There is more free money on offer if you’re eligible for the Low Income Superannuation Tax Offset (LISTO). If you’re eligible and earn up to $37,000, this is a payment of up to $500 from the government directly into your super account.
8. Tax-free income in retirement
Once you retire on or after age 60, you are normally eligible to receive your super pension or lump sum without paying tax. If you retire before age 60, you may be required to pay some tax on your savings.
In retirement, the super system offers some valuable benefits:
- Regular income payments paid tax free if you decide to start an account-based super pension
- No tax payable on the investment earnings or capital gains on the investment assets supporting your super pension.
Although the investment earnings supporting a retirement phase super pension are exempt from tax, there are limits to the amount you can transfer into retirement phase. From 1 July 2021, the lifetime limit you can transfer (called the general Transfer Balance Cap) is $1.7 million.
9. Continuing insurance cover
Most large super funds allow you to continue your insurance cover even if you switch employers or industries.

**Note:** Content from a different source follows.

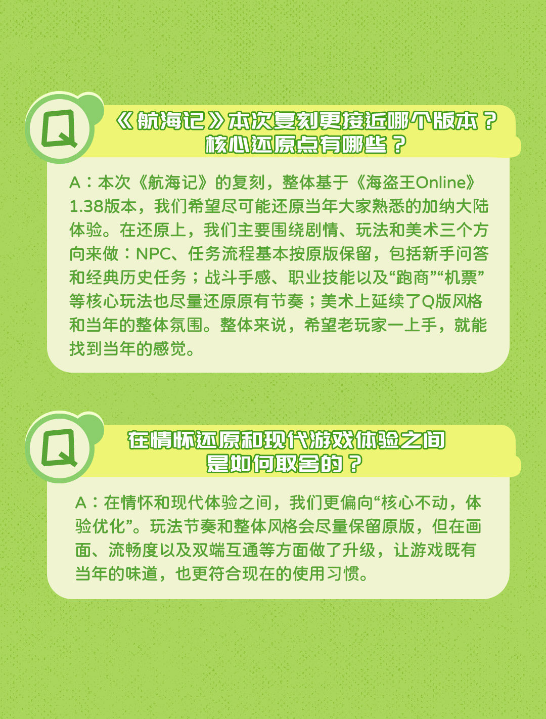 围绕近期航海家们关心的复刻还原与玩法体验相关反馈,我们在本期「航海日志」中进行了统一梳理与集中回应。未来,策划团队将通过本栏目持续与大家沟通版本规划与设计考量。在坚守经典内核的同时,我们也将不断优化细节,致力于带来更顺畅的冒险体验。

Although this doesn’t sound important, it can be a valuable benefit if your fund offers its members high levels of insurance cover that are difficult to obtain elsewhere.
Even if you stop being a member of your super fund, many insurers offer you the option of continuing your existing insurance policy at your own expense by switching it over to a personal policy. This allows you to obtain the same level of cover without having to produce evidence about your health or medical history.
10. Ability to invest in bigger assets
Super also gives you the opportunity to invest like the big investors. By pooling your retirement savings with other members in a large super fund or SMSF, you can invest in assets you wouldn’t be able to access as an individual investor.
With a bigger pot of money available, super funds can make investments that are difficult for individuals with smaller sums to invest, such as taking stakes in a motorway, office tower or wholesale investment such as corporate bonds. In fact, many of the big deals are never offered in the public market and are only available to large institutional investors like super funds and investment banks.